申翰林向我黯淡地笑了一下,在分别前他问我:“容娘子以为我们要玩的可是何种游戏?”
我愣住。只道是生死游戏,可具体如何判定孰可生孰将死,却是无从遐想。申翰林也并不是想从我这里得到答案,倒更像是在警醒我:这之后我所有的行动都会涉及自身安危,而甚至适才还在与我有说有笑的申翰林都会成为我的敌人,站到我的对立面。
脚上像是被灌了铅一样,沉重得几乎迈不开步伐。好像与申翰林这一分别,下次再见我们便不能如现在这般了,他不再是现在的他,我亦不是现在的我。
待我回到石室之后,木门又变得像我刚醒来时那样,无论怎么推都动弹不得,糊在门上的纸亦如铁铸的一般,戳都戳不破。
“各位要想实现愿望,或者简单地说,要想活着离开的话,就必须完成我们精心设计的游戏——狼妖杀。”
狼妖……
我回想起大厅壁画上那双血红色的眼睛。
“各位会在游戏正式开始前被随机分配到一名角色。角色主要分为两个对立的阵营:‘宫人’阵营和‘狼妖’阵营。
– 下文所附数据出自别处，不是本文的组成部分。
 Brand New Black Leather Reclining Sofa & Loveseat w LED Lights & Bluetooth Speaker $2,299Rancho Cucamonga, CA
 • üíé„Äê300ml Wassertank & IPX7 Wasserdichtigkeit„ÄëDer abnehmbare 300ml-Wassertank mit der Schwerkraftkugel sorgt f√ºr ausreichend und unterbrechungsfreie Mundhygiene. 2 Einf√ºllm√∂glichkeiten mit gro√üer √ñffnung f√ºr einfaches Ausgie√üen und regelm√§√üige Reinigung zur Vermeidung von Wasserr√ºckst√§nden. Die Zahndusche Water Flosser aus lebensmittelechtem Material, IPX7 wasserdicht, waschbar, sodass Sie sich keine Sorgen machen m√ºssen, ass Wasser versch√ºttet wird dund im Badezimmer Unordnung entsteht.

“宫人阵营中有三名平民和三名神裔。宫人不知道互相的身份,并需要利用神裔的能力及透过各位的言行举止去分辨永夜宫中的好人和坏人,以投票放逐及使用神裔技能等方式将狼妖淘汰以获取胜利。
“三名神裔各司其职。神算子每晚可以查验一人的所属阵营。滇南大巫手握一瓶解药和一瓶毒药,解药未使用时可以得知狼妖的杀害对象,并决定是否拯救此人,此人可以是自己;也可以将怀疑的对象毒杀,该对象死后不能发动技能。猎户除被毒杀外,以任何其他方式被淘汰时可以与一人同归于尽,亦可以选择不发动技能。
“狼妖阵营仅三名狼妖,混在宫人阵营中混淆视听,且每晚可以互相见面共同杀害一名宫人。狼妖阵营需要淘汰所有宫人以获取胜利。
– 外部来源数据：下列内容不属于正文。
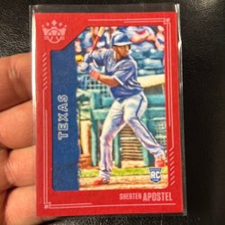 Ett parti med baseballkort med olika spelare och lag. Korten är förpackade i plastfickor.

“余下一人阵营不定,是为半妖。半妖可以选择除自己以外任意一人为追随者,胜利条件与追随者所在阵营的胜利条件相同。无论归属哪方阵营,半妖的身份角色始终类同平民,不知道他人身份,且没有特殊技能。
“各位的角色身份很快便能揭晓了,请对今晚开幕的游戏拭目以待吧,究竟是谁会成为第一位牺牲者呢……嘿嘿。”
虽然脑海中的声音已然介绍完了规则,可我仍未感受到游戏的真实。再过几个时辰就会有人死去……那个人会是我吗?会是郝连公子吗?会是申翰林吗?
与我说过话的人,也许会被分配到狼妖的身份,而一旦栽下怀疑的种子,便再回不去先前的状态了。
石室的木门是那么地坚固,没有侵入者可以轻易进来,可同时又像是一扇牢门,任里面的人绞尽脑汁也无法逃离。
是时候该认命了吗?
“容烟和,你的角色身份是——”
我屏息凝神,生怕自己听岔。
那之后没过多久,意识与身体的链接就像是被生生切断了一般,很快我便不受控制地陷入了深深的沉眠……
也不知道过了多久,我悠悠转醒。
我首先确认了全身上下,安然无恙,这至少让我松了一口气。
“容烟和,请你离开房间,到走廊上去。”
我遵照着鬼的指引,轻轻一推便打开了石室的门。
“除了你的厢房之外,还有一间厢房的门已经打开了,请你进去。”
此刻的走廊在夜明珠不变的光辉下与我刚来之时看上去毫无区别,只是令人心慌地死寂,除我以外之人皆困于深眠中。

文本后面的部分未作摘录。